Игорь Александрович расслабляться не давал. И на самом деле был прав – на зарядку люди до девяти утра все-таки должны выйти, нечего храпеть. А мы были молодые, не понимали этого.

«Дело Севидова» если и могло закончиться иначе, чем десятью годами заключения, то только если еще хуже для Юрки. Академик Келдыш вообще просил расстрела. Могли поменять статью и дать «вышку» за преднамеренное убийство. В Советском Союзе если уж расстреливали директора Елисеевского магазина – что угодно могло произойти. А здесь первый человек страны по ракетному топливу!

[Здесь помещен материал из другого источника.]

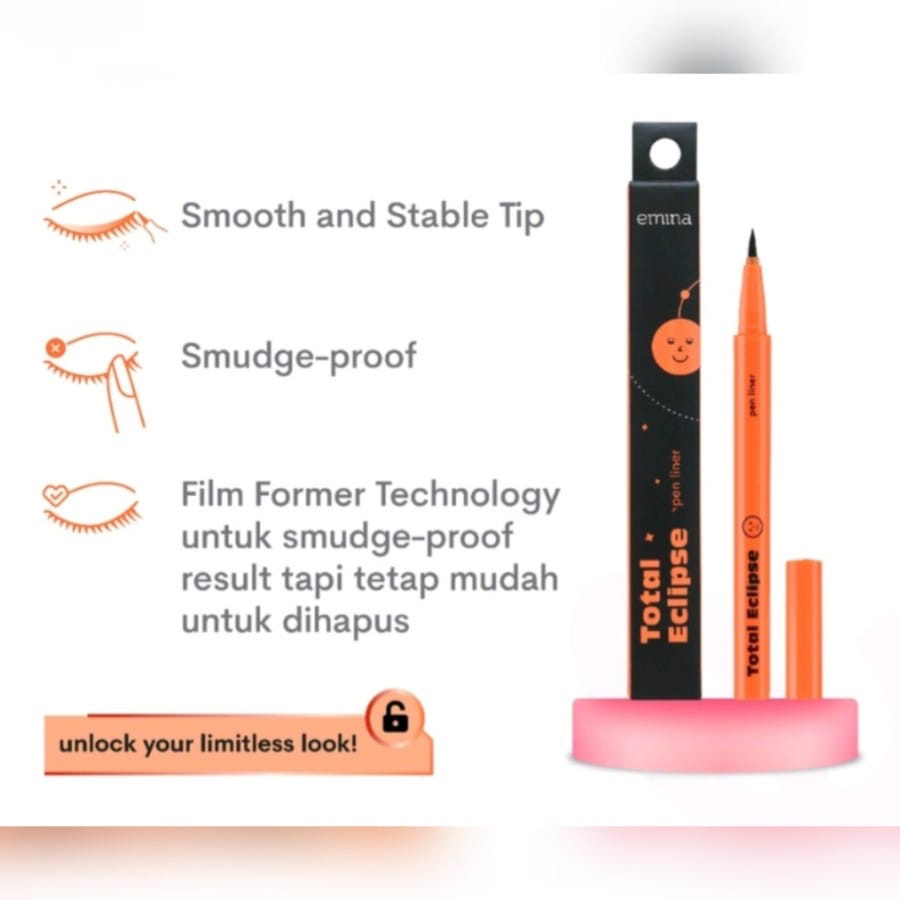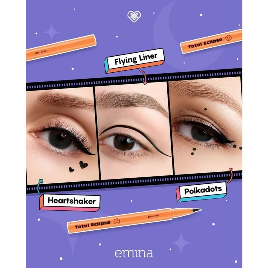 Emina Total Eclipse Pen Liner, Bikin Eyeliner Nggak Pernah Segampang Ini Bikin eyeliner nggak pernah segampang ini. Yuk, kenalan sama Emina Total Eclipse Pen Liner yang aplikasinya super easy
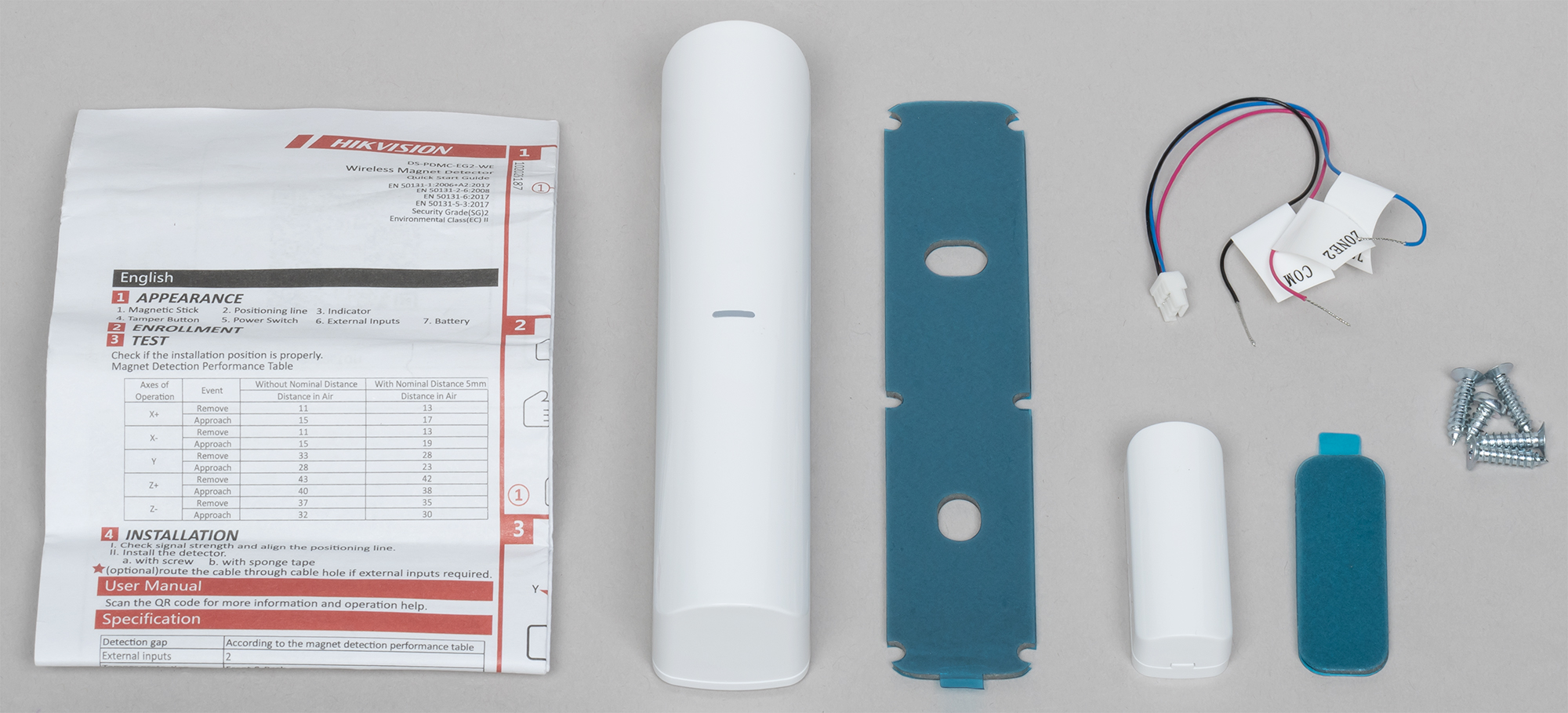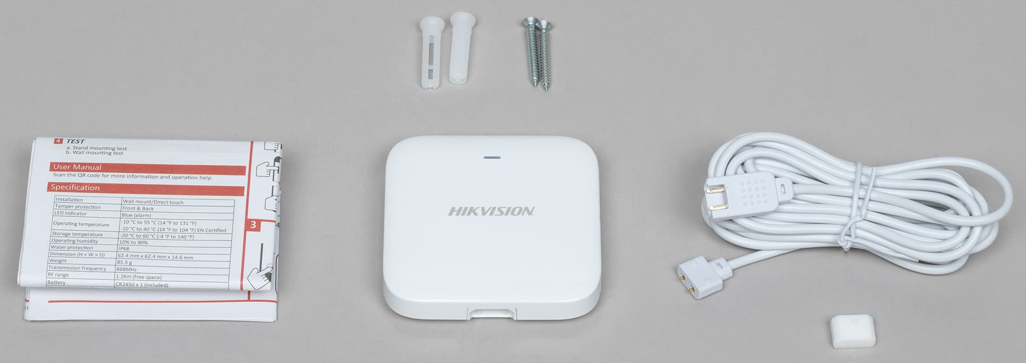 В комплекте имеется парочка дюбелей с саморезами, краткая мультиязычная инструкция и дополнительный выносной датчик, который представляет собой обычную колодку на длинном проводе с контактами на конце.
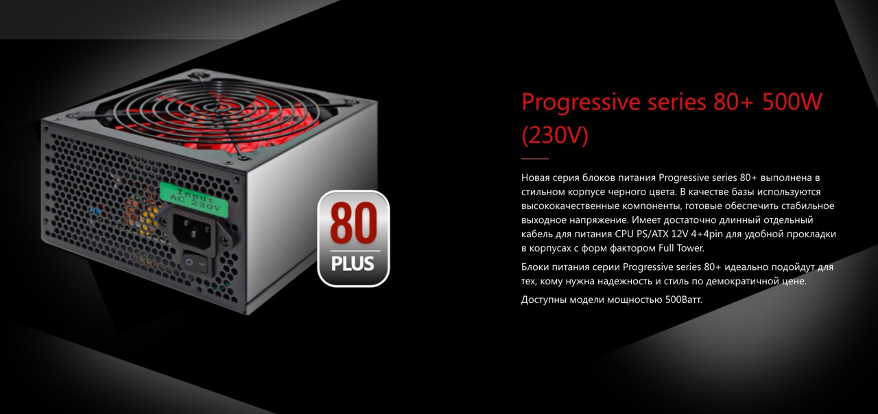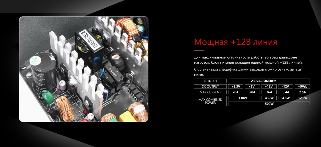 Блок питания 500W Ginzzu PC500 - это надежное и мощное устройство, которое обеспечит стабильное питание вашего компьютера. Стандарт ATX12V 2.3 и активный PFC гарантируют эффективную работу и защиту от перегрузок и короткого замыкания.
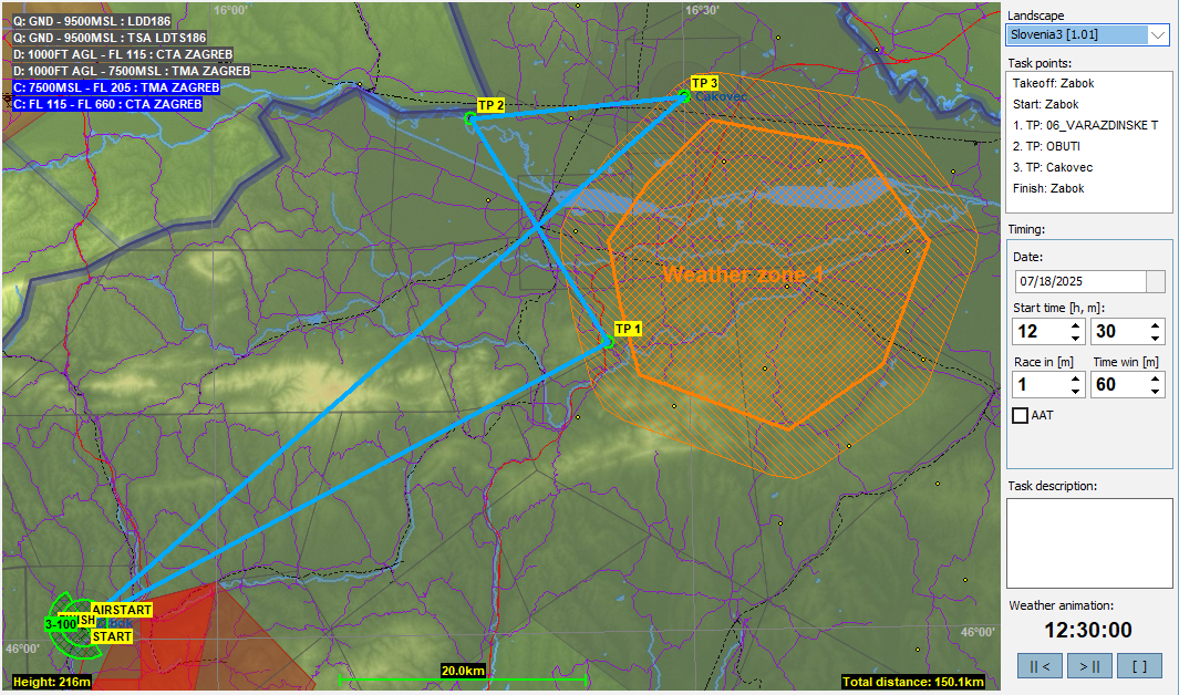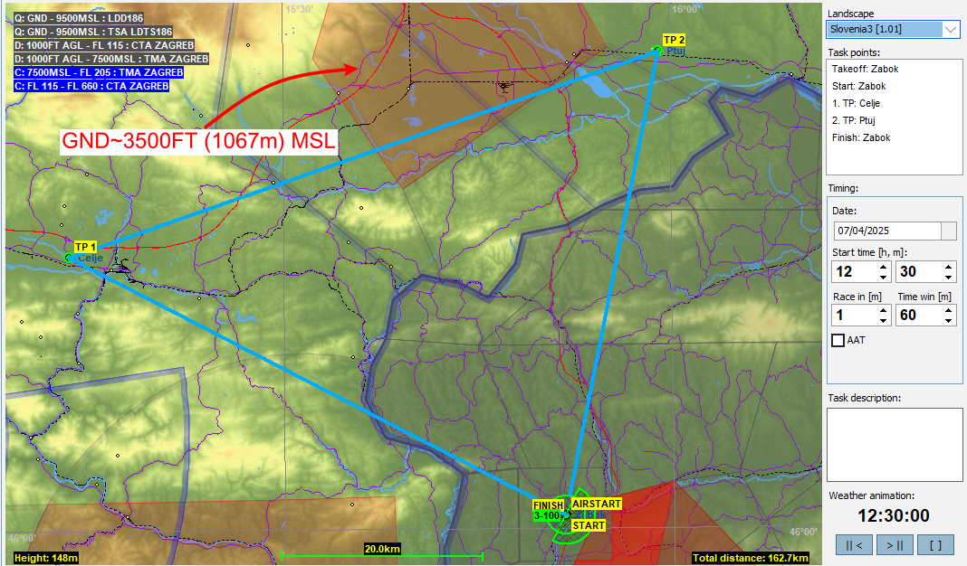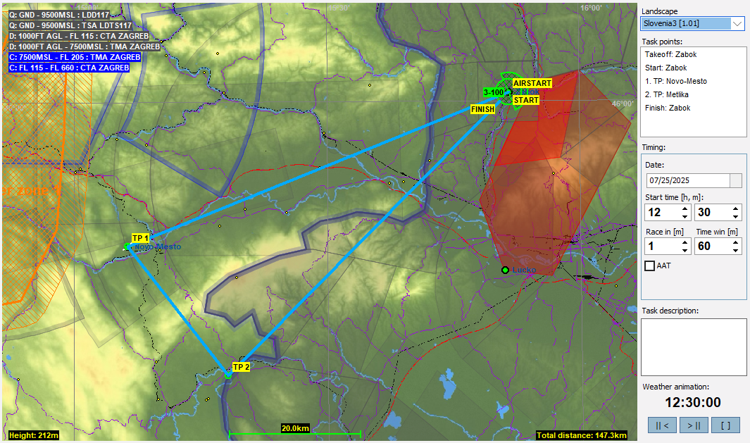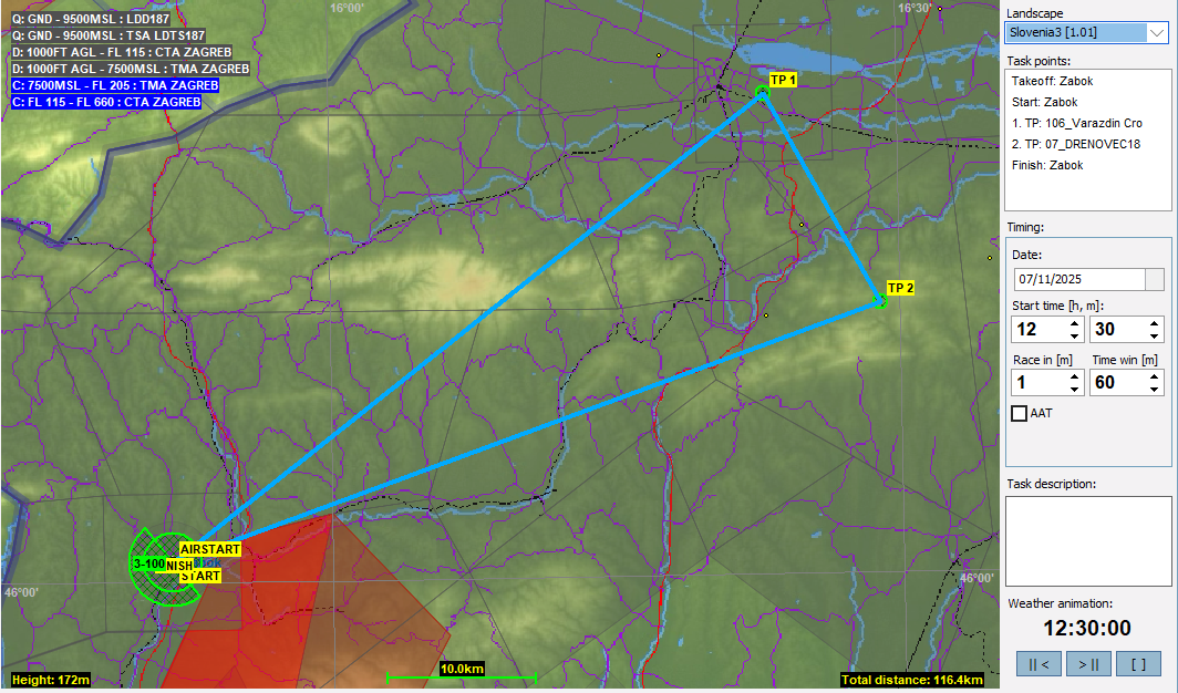 7月はクロアチアのザボク(Zabok)をスタート地点とします。実はCondorのデフォルトではクロアチア全域に空域が設定されているのですが、今月のタスクのためにほとんどを解除してあります。地上から始まるCTRは一応残してありますが、ザボクの横にあるCTRは同時にW zoneも設定されているのでここは実質的にはフライト制限ないのでご安心ください。なお、タスクによってはCTRも解除しているのもあるのでタスク紹介のところで説明します。

Это же секундное дело. Старый академик Рябчиков вдруг решил перейти дорогу на Котельнической набережной. Два телохранителя рты разинули, а Юрка не среагировал и со светофора рванул…

Хотя умер-то Рябчиков не от того, что Севид на него наехал. Сын академика, болельщик «Спартака», в Тарасовку приезжал к нам и говорил, что умолял мать простить Юрку – ведь отец скончался не от полученных травм, а от разрыва сердца во время операции. С анестезией переборщили.

Но Юрка поддатый был. Мы с халтуры приехали. Получили в тот день в клубе хорошие деньги. Офис «Спартака» тогда располагался на Красносельской. В Брянске сыграли товарищеский матч при полном стадионе, «окно» у нас в чемпионате было. Там нам прилично заплатили, но перечисление сделали по срочной почте через клуб.

Приезжаем в Москву, нам говорят: езжайте в «Спартак» – получите деньги за эту товарищескую игру и премиальные за последние победы в первенстве Союза. Получили много, и Юрка говорит мне:

– Поехали, погуляем.

– Не могу, меня жена ждет, уже договорились.

В итоге они поехали с Володей Янишевским. Доездились…

В те времена премиальные давали в зависимости от посещаемости матча. Высчитывалось так. Если в Лужниках 25 тысяч зрителей и больше – это полный сбор. То есть в случае победы мы получаем сто процентов премиальных – 72 рубля с копейками. Проигрыш и ничья – ноль, хотя я застал еще два года, когда за ничью треть платили. А если на стадионе меньше 25 тысяч – в зависимости от того, сколько. Например, при 18 тысячах получали 61 рубль.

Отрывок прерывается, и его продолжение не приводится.